Republicans on the committee repeatedly and exasperatedly asked Ahuja for a current snapshot of the federal workforce’s usage of telework, although the most recent data she could provide was from the 2022 Federal Employee Viewpoint Survey, which was administered in the spring of 2022. OPM produces an annual report on telework at federal agencies, but the most recent iteration of that report only covers the 2021 fiscal year.

Looking at Federal Employee Viewpoint Survey for 2021, amid the COVID-19 pandemic, and 2022, administered early in federal agencies’ reentry process, shows a workforce that already is shifting substantially away from remote work to one that periodically comes into the office.
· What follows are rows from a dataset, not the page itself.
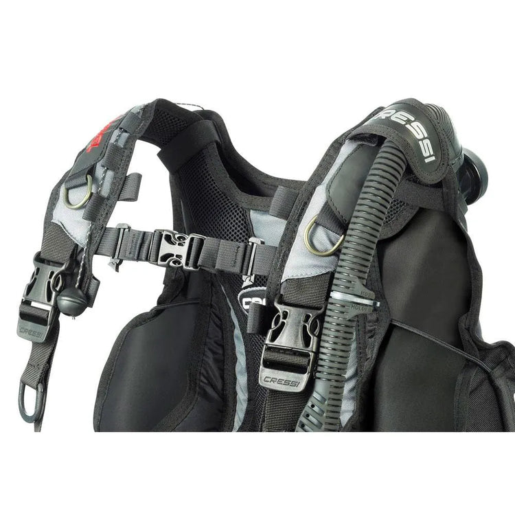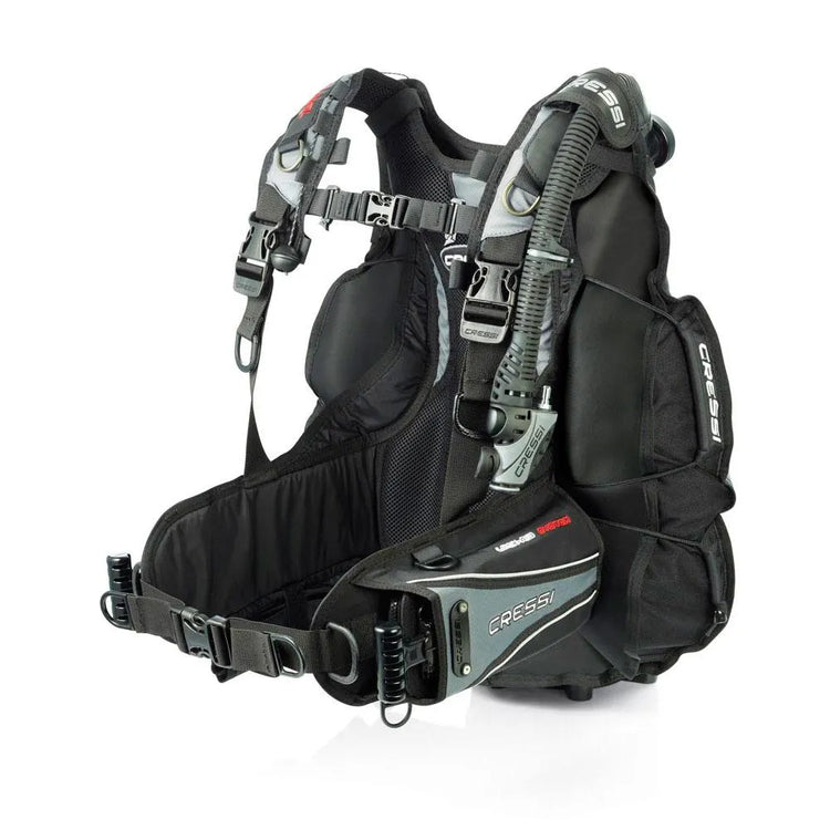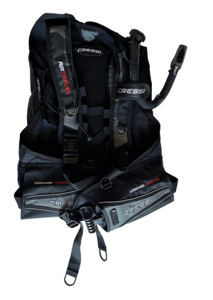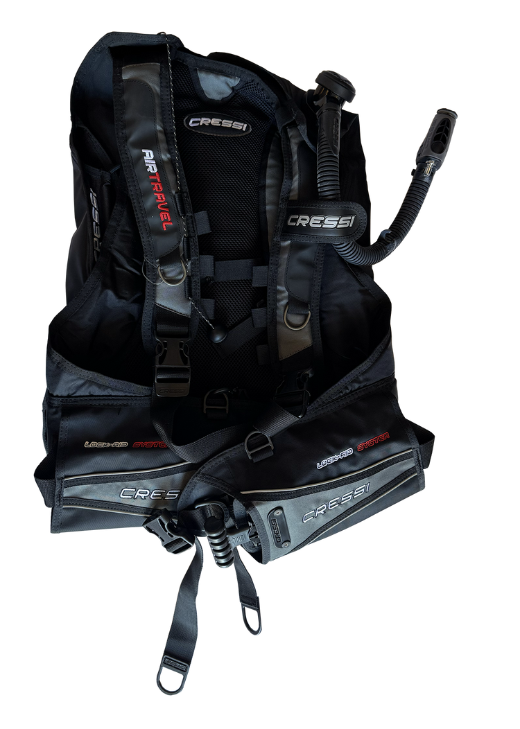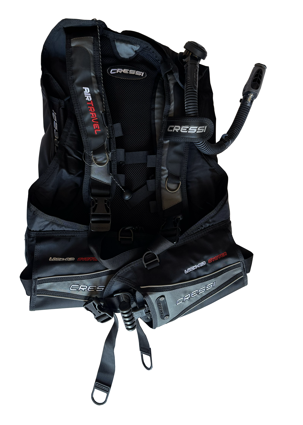 Cressi Air Travel BCD er en letvægts og kompakt opdriftsvest, der er specielt designet til dykkere der rejser med deres grej. Med en vægt på kun cirka 2,5 kg og en sammenfoldelig struktur er den nem at pakke ned i rejsetasken, hvilket gør den ideel til ferie- og eventyrdykkere. Trods sin beskedne størrelse og vægt går den ikke på kompromis med komforten – den er udstyret med polstrede skulderstropper, justerbare remme og en ergonomisk pasform, som sikrer en behagelig oplevelse både over og under vand.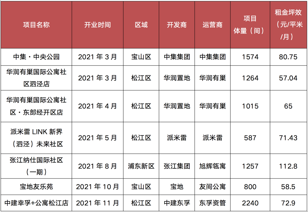 目前,上海多以租賃用地建設租賃住房,而北京則是以集體用地建設的租賃住房為主。以上海為例,目前推出的租賃社區(qū)項目均位于城市郊區(qū),開業(yè)時間都在2021年,項目體量較大,均超過500間。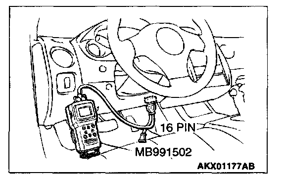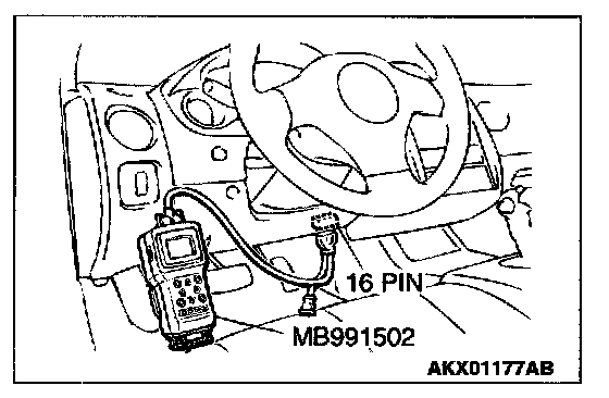 1. Connect scan tool MB991502 to the data link connector.

However, OPM cautions against drawing conclusions from year-to-year comparisons on its telework question, as last year the agency tweaked language within the question to better reflect teleworking five days per week as “remote work.”

In 2021, 36% of survey respondents reported that they teleworked every day and 11% said they teleworked three or four days per week. Another 10% of respondents said they worked remotely one or two days per week, and an additional 12% said they worked remotely “infrequently” or once or twice per month. Nearly one-third of respondents said they did not telework at all in 2021.
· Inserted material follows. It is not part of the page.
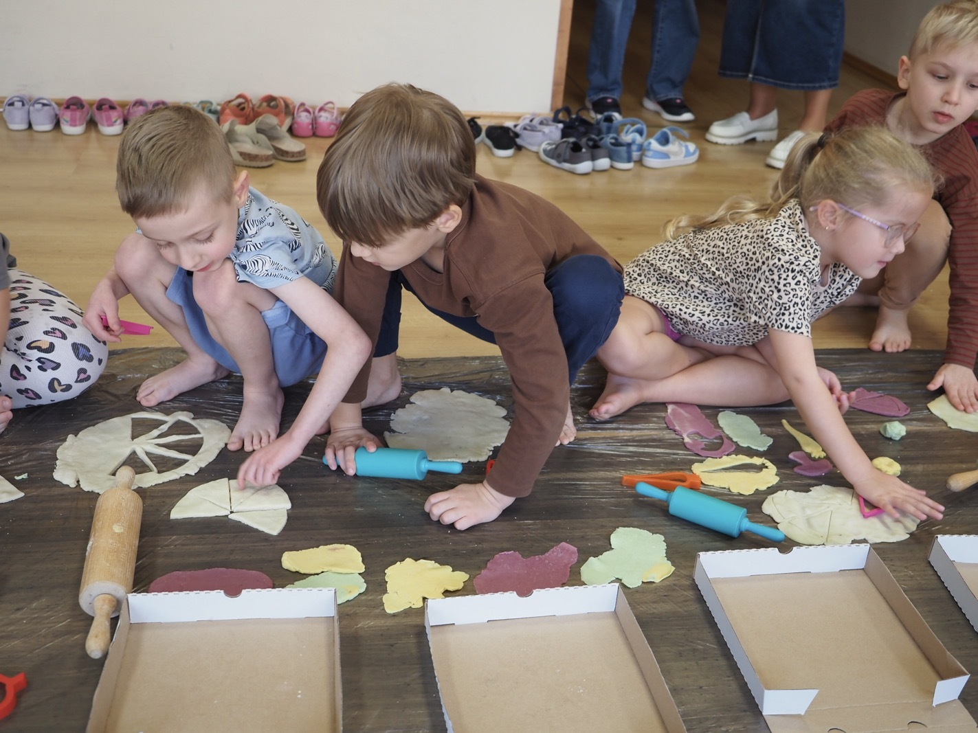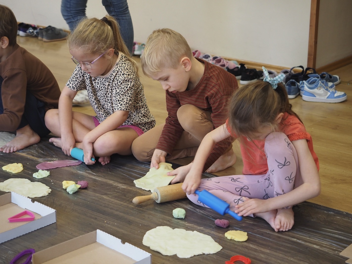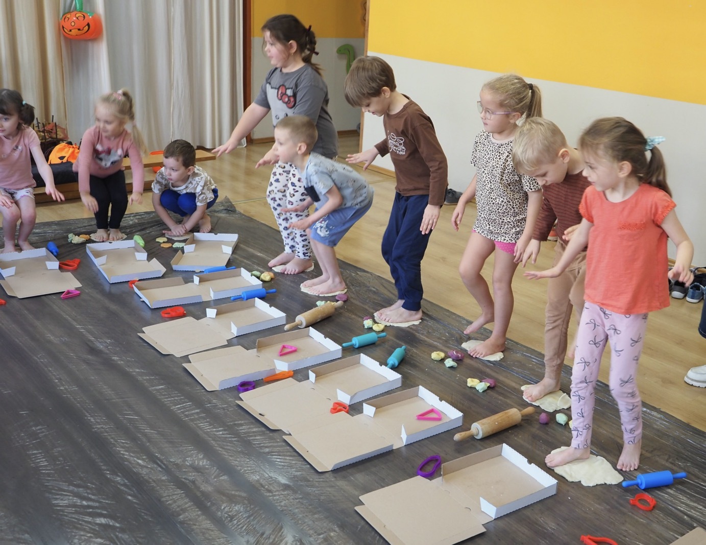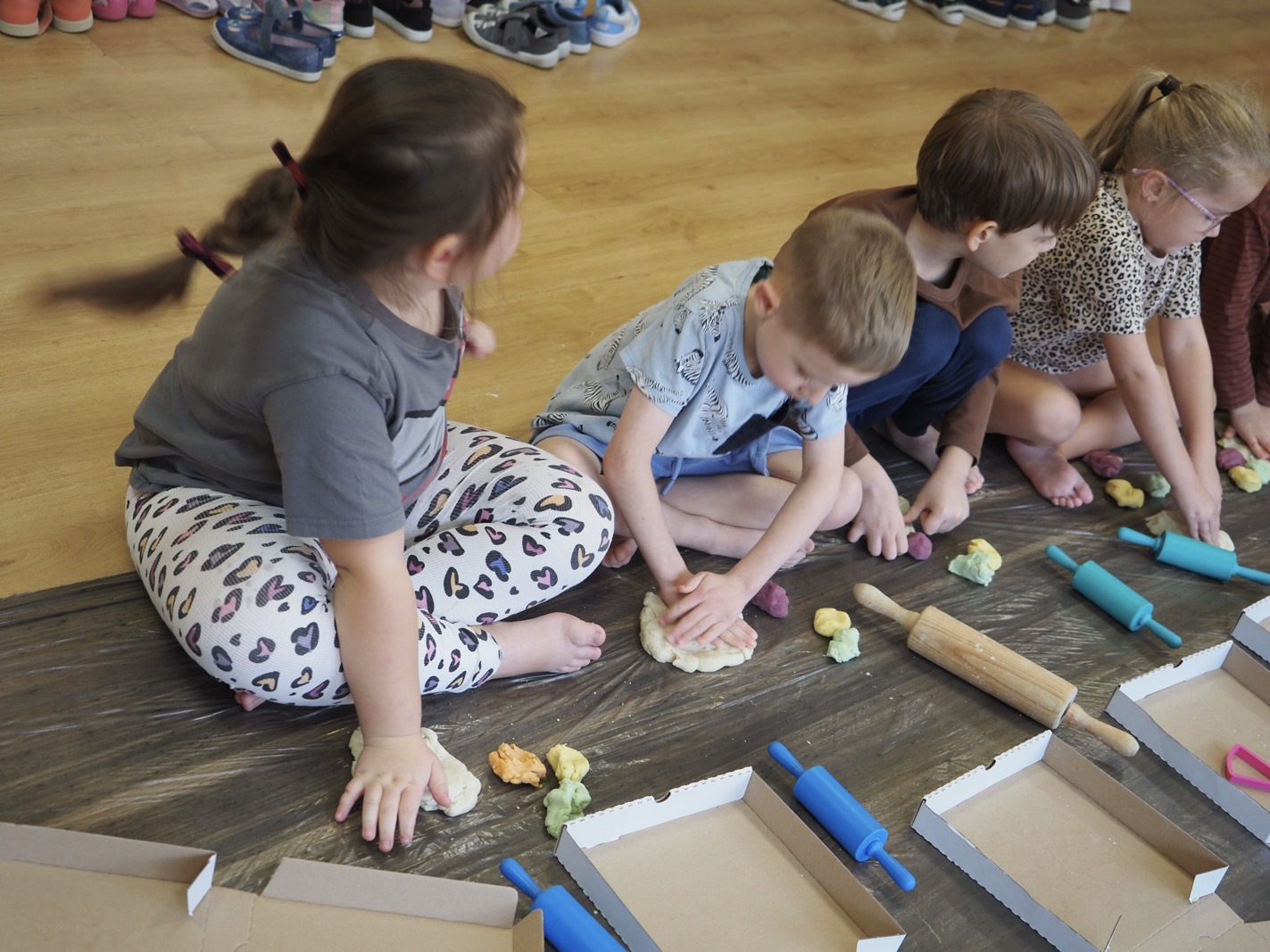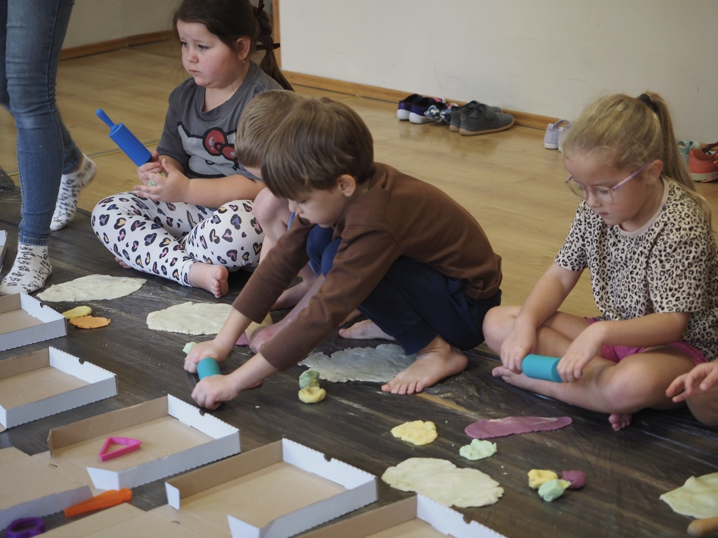 Sensoplastyka - grupa 4. Celem zajęć jest stymulacja rozwoju sensorycznego, kreatywności, samodzielności i świadomości ciała poprzez swobodną zabawę i doświadczanie.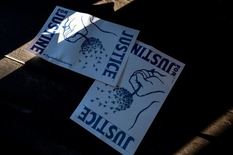 | Pancarte où l'on peut lire "Justice pour Justine" pendant une manifestation en mémoire de Justine Damond, le 20 juillet à Minneapolis dans le Minnesota. |

By spring of 2022, the percentage of respondents who said they worked fully remote had fallen to 14%, while 25% of respondents said they teleworked three to four days per week. The percentage of survey respondents who reported working remotely one or two days per week increased to 17%, while 13% said they teleworked infrequently or once or twice per month. The percentage of federal employees who responded that they do not telework at all remained steady at 31%.

Last week, OPM announced a number of changes to agencies’ HR data requirements to expand data collection related to telework and provide both agencies and OPM with a better picture of the federal workforce’s use of workplace flexibilities, including tracking instances in which employees log into their work remotely, as well how many hours federal workers spend on telework. Ahuja said the effort will provide more transparency around workplace flexibilities, and better equip agencies to measure their effectiveness.
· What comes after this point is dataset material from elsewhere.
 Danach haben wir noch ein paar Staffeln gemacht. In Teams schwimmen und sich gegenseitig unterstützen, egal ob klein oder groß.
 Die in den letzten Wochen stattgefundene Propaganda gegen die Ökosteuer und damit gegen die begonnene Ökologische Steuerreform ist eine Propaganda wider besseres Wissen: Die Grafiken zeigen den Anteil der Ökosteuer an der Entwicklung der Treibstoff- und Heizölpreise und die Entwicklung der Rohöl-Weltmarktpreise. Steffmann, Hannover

“Face time is not a proxy for performance,” she said. “We need to utilize these flexibilities in order to take advantage of what we have learned throughout the pandemic—that we’ve actually seen greater engagement, increased productivity and performance. And I’ll tell you, we’ve actually just announced new data variables that we’ll collect to provide more granular data on telework and remote work for agencies to use to discern productivity, performance, recruitment and retention.”

Rep. Gerry Connolly, D-Va., offered an alternative explanation for House Republicans’ frustration: the lawmakers’ experiences trying to help constituents could be a lagging indicator of difficulties caused not by telework, but by trying to make work that traditionally had not been portable doable from home.

“When we talk about telework, I think there are two difficult things going on,” he said. “The frustration I think we’re hearing from a lot of my colleagues is the aftermath of universal remote working in a pandemic—that’s not a telework program . . . Robust telework programs existed before the pandemic and should exist after, and we want them to. We want them well-managed, overseen, productive, improving morale and we want to use those programs as part of the toolkit when we’re recruiting the next generation of federal employees who expect it, because they get it in the private sector. But some of the conversations we’ve had today conflate the two, and they are different.”

And Comer said that if Republicans are shown data proving that telework is a help, and not a hindrance, to agencies’ customer service, they would cease their attacks on the practice.

“We would support telework if we had evidence that it saves money and improves efficiency,” he said.